Aim of the task - Would you return exactly the lines from the top of the data below through the one containing "Filtro para aire", leaving out the pictures?

[Dataset excerpts]
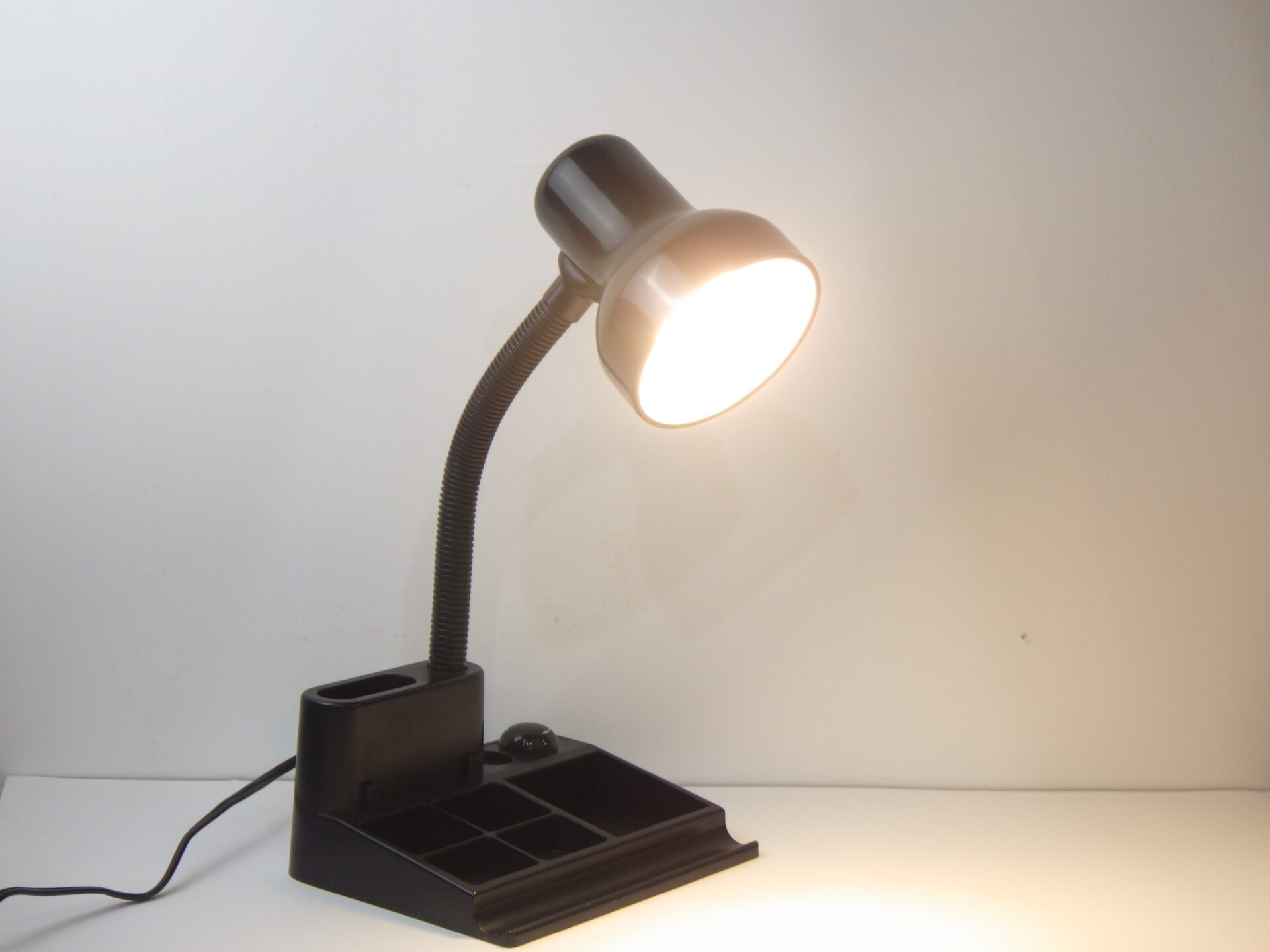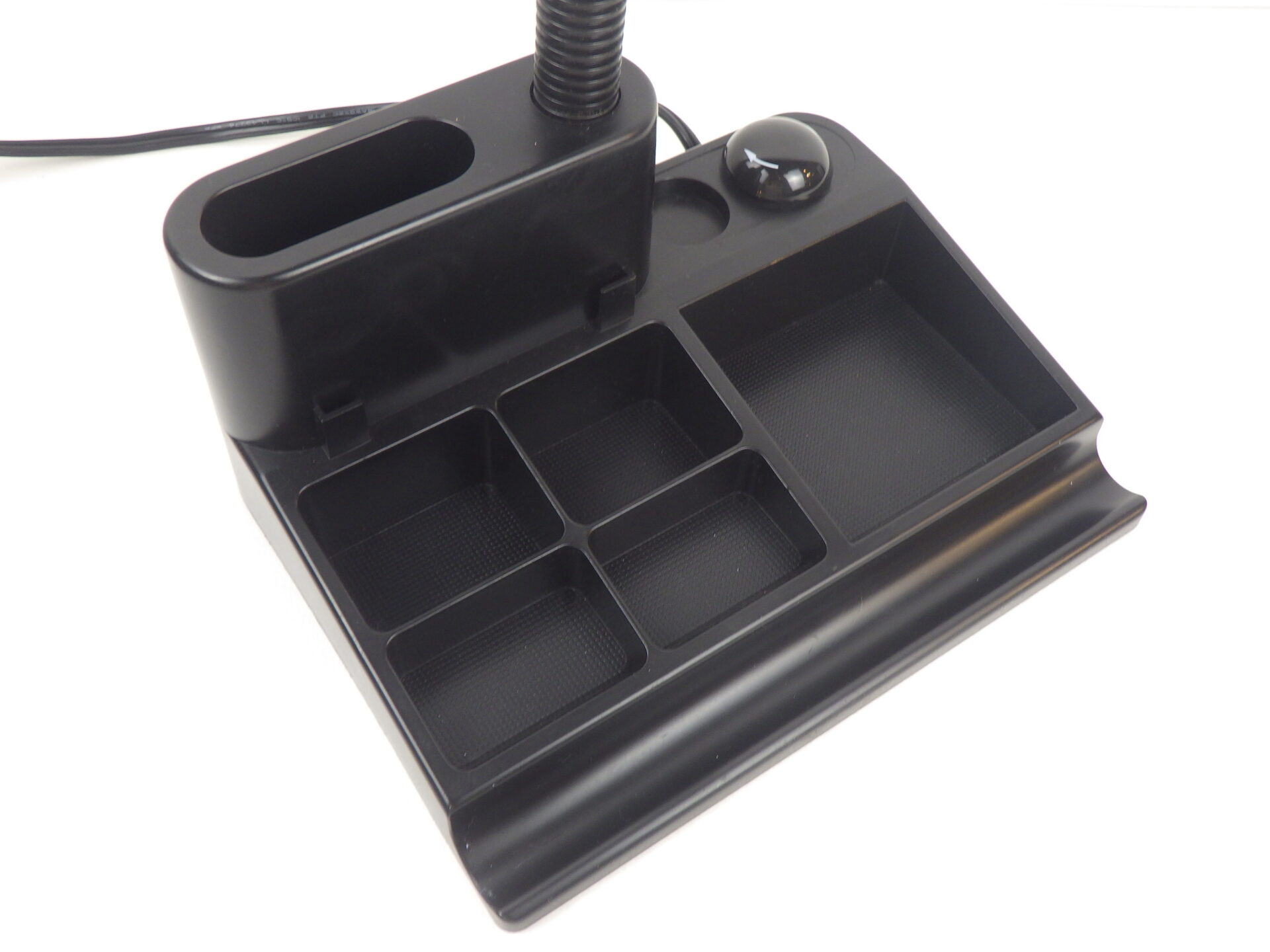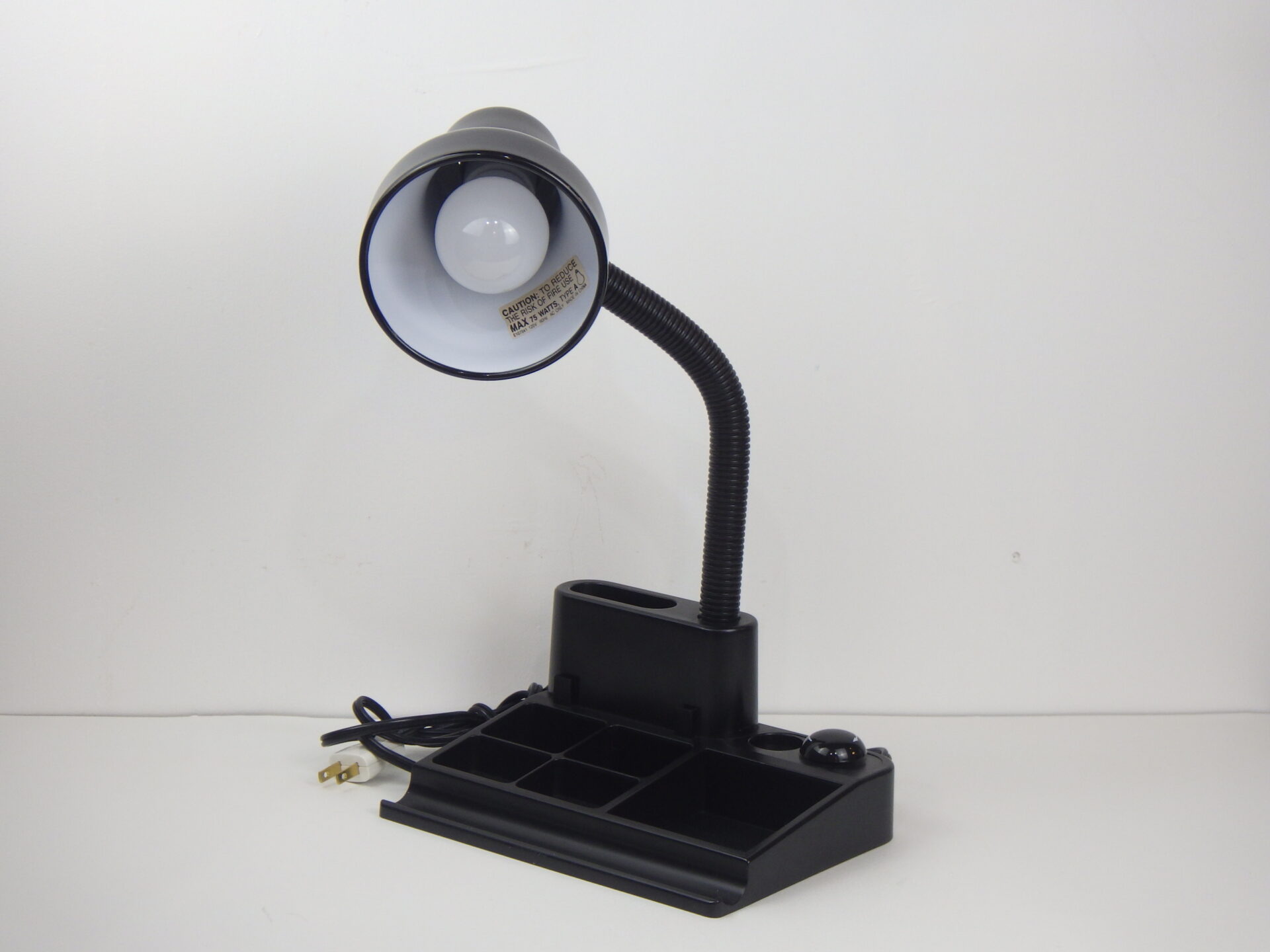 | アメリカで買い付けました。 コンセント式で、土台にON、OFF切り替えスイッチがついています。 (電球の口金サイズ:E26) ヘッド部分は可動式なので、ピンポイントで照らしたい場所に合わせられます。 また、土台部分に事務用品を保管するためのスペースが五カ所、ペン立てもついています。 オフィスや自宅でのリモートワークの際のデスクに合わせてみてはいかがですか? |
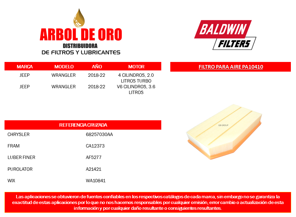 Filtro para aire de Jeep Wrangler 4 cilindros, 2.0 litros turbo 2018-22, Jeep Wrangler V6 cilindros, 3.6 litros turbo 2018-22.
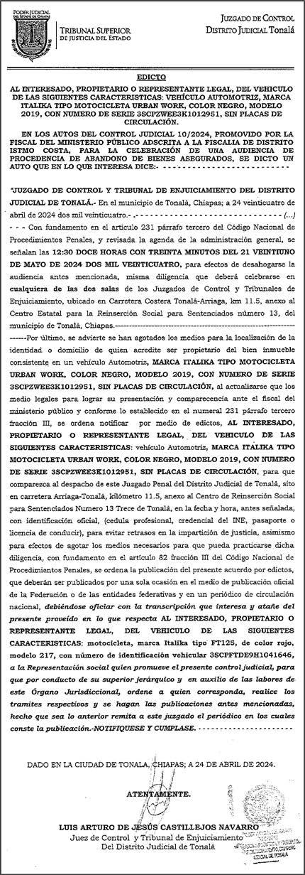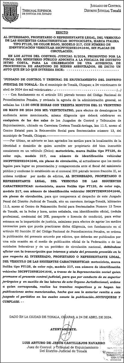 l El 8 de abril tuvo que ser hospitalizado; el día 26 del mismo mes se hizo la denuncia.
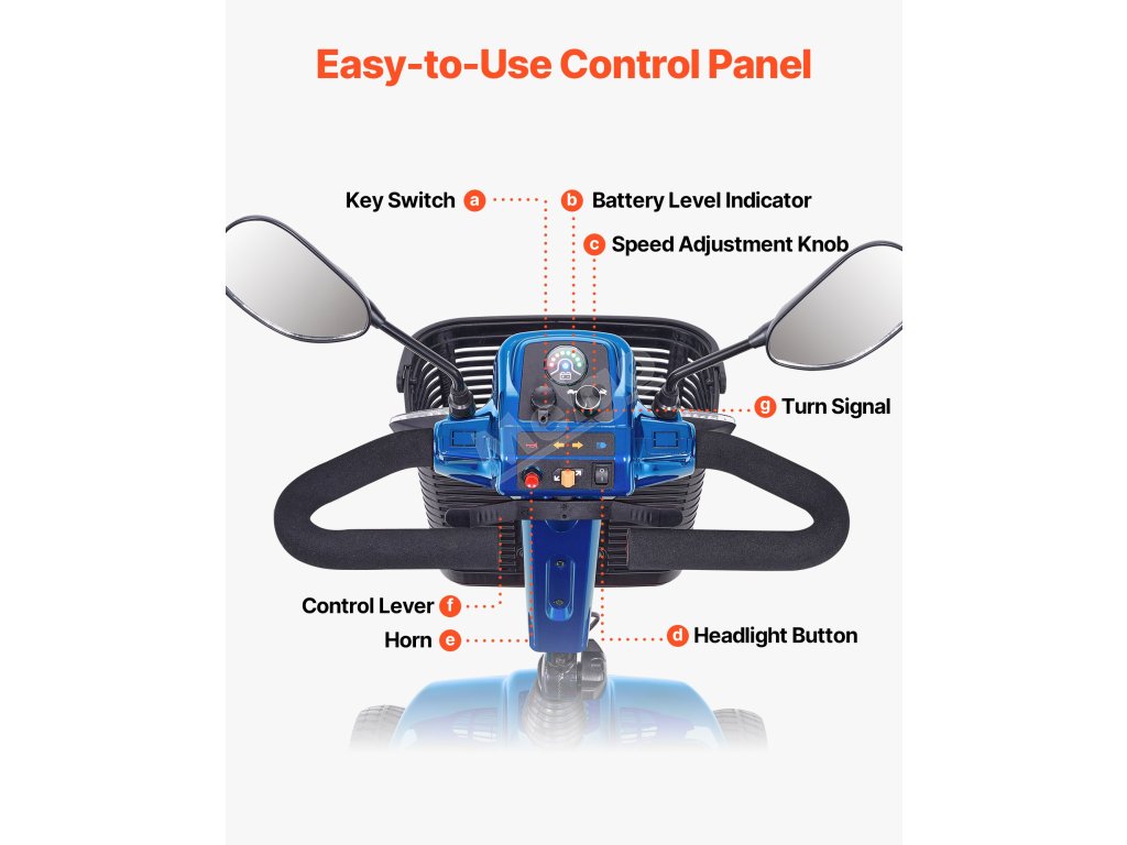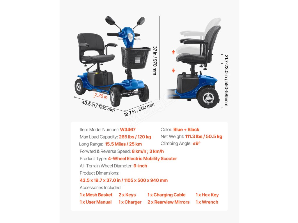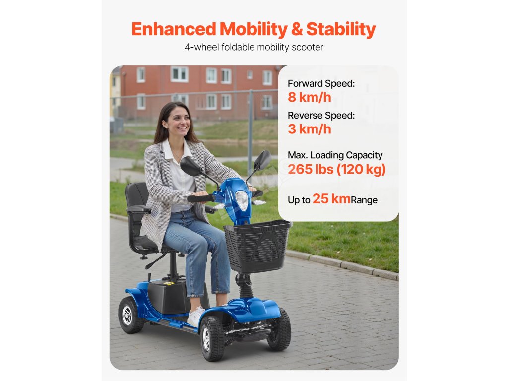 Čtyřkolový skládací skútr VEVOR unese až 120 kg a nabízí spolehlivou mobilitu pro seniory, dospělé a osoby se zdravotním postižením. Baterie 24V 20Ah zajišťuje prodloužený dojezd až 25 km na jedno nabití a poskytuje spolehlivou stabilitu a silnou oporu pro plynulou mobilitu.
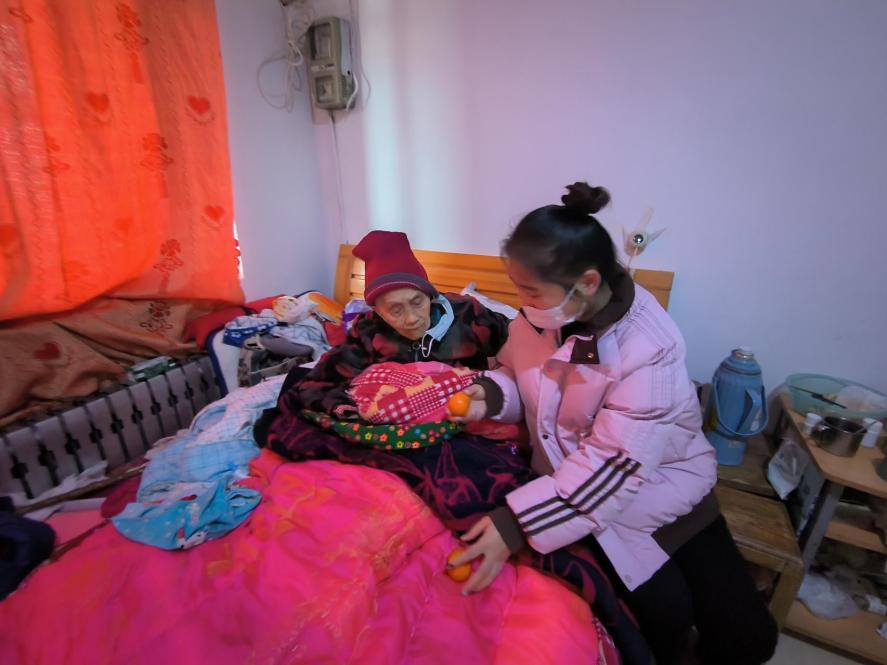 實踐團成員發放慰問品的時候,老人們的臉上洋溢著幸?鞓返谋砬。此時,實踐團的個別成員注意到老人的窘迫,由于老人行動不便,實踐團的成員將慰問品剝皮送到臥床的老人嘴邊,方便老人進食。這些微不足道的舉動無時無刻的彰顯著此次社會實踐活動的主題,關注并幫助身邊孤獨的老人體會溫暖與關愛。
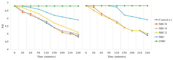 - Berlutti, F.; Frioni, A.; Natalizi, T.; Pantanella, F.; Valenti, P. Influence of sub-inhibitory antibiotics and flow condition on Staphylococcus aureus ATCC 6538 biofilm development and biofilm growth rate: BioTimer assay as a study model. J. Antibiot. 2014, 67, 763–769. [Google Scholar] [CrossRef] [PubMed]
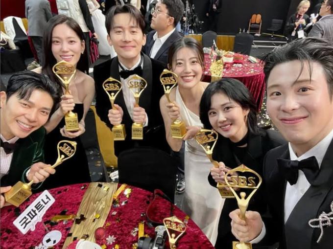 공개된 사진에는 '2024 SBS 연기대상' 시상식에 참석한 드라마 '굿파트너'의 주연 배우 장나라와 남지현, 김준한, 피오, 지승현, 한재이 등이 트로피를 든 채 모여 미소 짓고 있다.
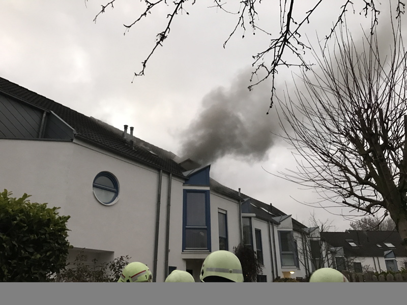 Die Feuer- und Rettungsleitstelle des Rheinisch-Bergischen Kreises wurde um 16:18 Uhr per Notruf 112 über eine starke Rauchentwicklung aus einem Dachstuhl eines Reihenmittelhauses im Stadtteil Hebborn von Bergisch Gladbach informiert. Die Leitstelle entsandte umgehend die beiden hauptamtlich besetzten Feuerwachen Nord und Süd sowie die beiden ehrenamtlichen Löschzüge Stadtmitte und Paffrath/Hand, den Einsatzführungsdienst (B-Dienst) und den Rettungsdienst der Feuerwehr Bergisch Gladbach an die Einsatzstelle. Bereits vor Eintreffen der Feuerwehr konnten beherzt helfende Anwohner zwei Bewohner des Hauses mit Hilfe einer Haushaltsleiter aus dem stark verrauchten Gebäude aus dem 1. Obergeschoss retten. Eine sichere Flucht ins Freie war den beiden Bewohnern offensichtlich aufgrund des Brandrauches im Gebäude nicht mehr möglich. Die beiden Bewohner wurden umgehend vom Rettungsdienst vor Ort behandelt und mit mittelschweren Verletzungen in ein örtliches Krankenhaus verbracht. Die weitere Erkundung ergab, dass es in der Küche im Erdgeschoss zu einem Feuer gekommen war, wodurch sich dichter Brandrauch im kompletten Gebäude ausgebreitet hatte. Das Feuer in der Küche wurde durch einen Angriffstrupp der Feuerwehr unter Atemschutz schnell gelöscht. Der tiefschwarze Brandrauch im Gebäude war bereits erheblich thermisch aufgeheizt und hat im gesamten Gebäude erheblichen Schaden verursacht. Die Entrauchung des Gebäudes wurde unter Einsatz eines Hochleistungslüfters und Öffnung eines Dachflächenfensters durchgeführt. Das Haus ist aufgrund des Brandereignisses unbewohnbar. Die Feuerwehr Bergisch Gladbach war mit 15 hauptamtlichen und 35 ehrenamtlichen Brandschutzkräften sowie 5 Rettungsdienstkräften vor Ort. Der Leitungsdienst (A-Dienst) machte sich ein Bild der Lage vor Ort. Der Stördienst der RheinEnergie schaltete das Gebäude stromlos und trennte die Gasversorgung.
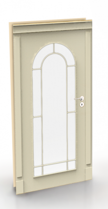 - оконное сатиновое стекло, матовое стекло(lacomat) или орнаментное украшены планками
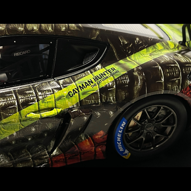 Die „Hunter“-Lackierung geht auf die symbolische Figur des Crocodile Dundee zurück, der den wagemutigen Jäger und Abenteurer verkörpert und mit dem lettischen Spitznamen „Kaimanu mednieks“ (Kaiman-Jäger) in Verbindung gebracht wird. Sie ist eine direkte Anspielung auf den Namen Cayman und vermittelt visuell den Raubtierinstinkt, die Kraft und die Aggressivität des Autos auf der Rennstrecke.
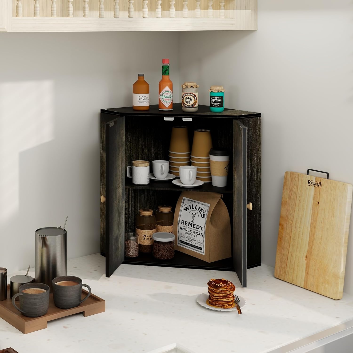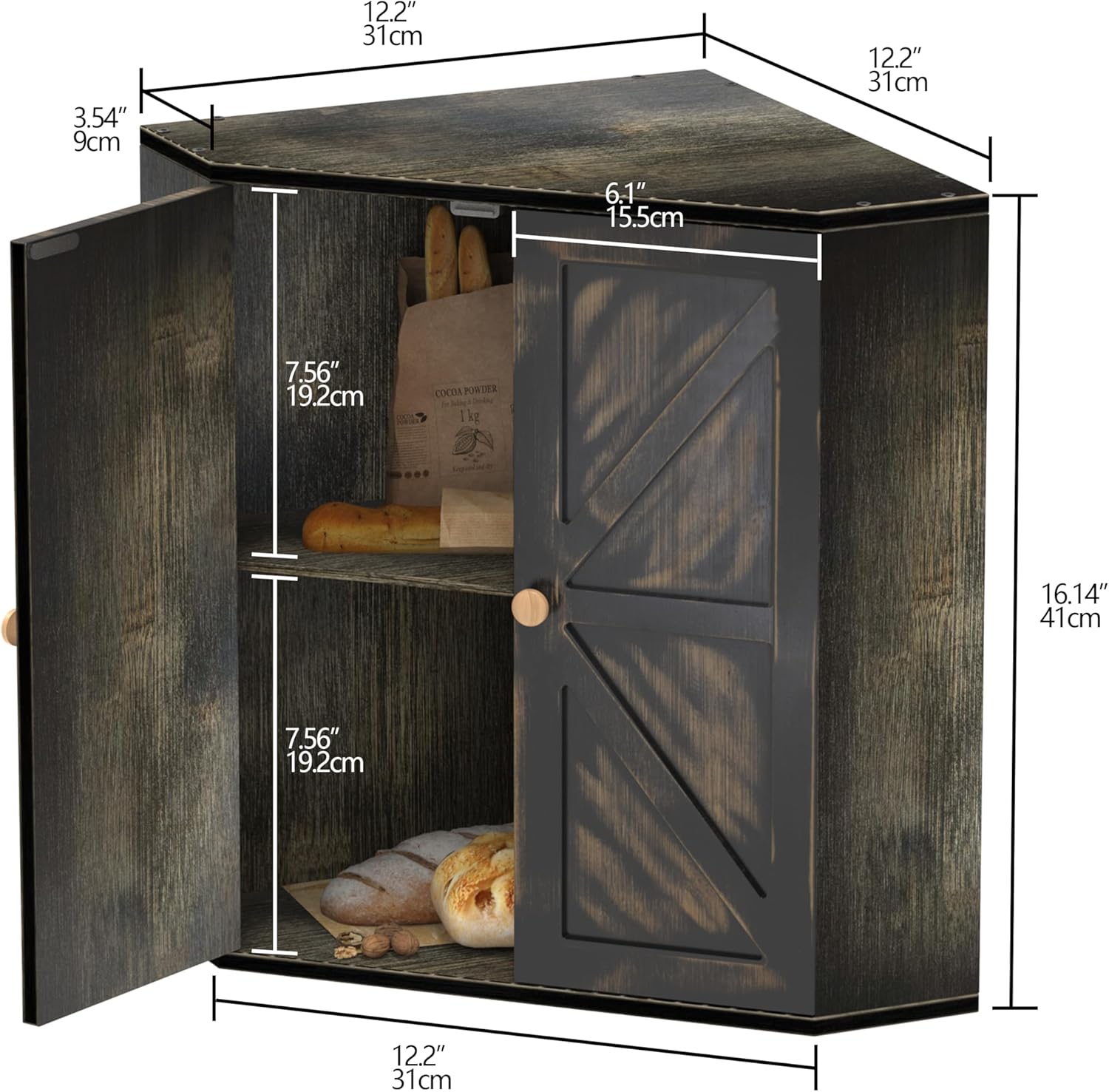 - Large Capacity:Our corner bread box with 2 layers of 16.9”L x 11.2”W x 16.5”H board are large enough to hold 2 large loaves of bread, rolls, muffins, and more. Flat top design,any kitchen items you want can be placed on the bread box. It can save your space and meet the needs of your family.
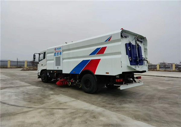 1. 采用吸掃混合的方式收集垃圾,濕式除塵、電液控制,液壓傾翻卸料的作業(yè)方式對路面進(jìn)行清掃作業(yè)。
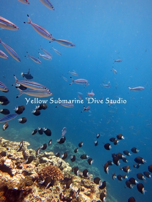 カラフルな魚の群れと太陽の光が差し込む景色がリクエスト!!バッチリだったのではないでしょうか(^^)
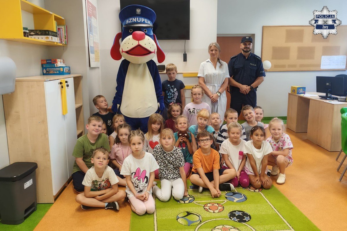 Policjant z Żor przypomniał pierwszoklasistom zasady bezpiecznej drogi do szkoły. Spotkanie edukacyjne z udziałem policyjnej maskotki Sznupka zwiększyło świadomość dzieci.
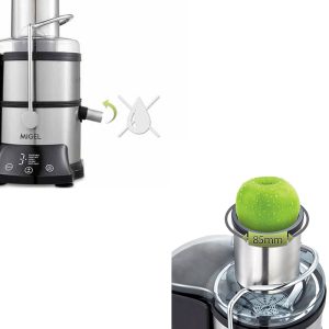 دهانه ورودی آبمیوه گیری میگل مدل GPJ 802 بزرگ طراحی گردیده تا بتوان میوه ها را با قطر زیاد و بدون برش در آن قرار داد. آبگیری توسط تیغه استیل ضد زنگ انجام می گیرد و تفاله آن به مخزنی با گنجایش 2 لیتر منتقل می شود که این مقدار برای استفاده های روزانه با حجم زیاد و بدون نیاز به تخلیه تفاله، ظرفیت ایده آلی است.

The answer -
 | アメリカで買い付けました。 コンセント式で、土台にON、OFF切り替えスイッチがついています。 (電球の口金サイズ:E26) ヘッド部分は可動式なので、ピンポイントで照らしたい場所に合わせられます。 また、土台部分に事務用品を保管するためのスペースが五カ所、ペン立てもついています。 オフィスや自宅でのリモートワークの際のデスクに合わせてみてはいかがですか? |
 Filtro para aire de Jeep Wrangler 4 cilindros, 2.0 litros turbo 2018-22, Jeep Wrangler V6 cilindros, 3.6 litros turbo 2018-22.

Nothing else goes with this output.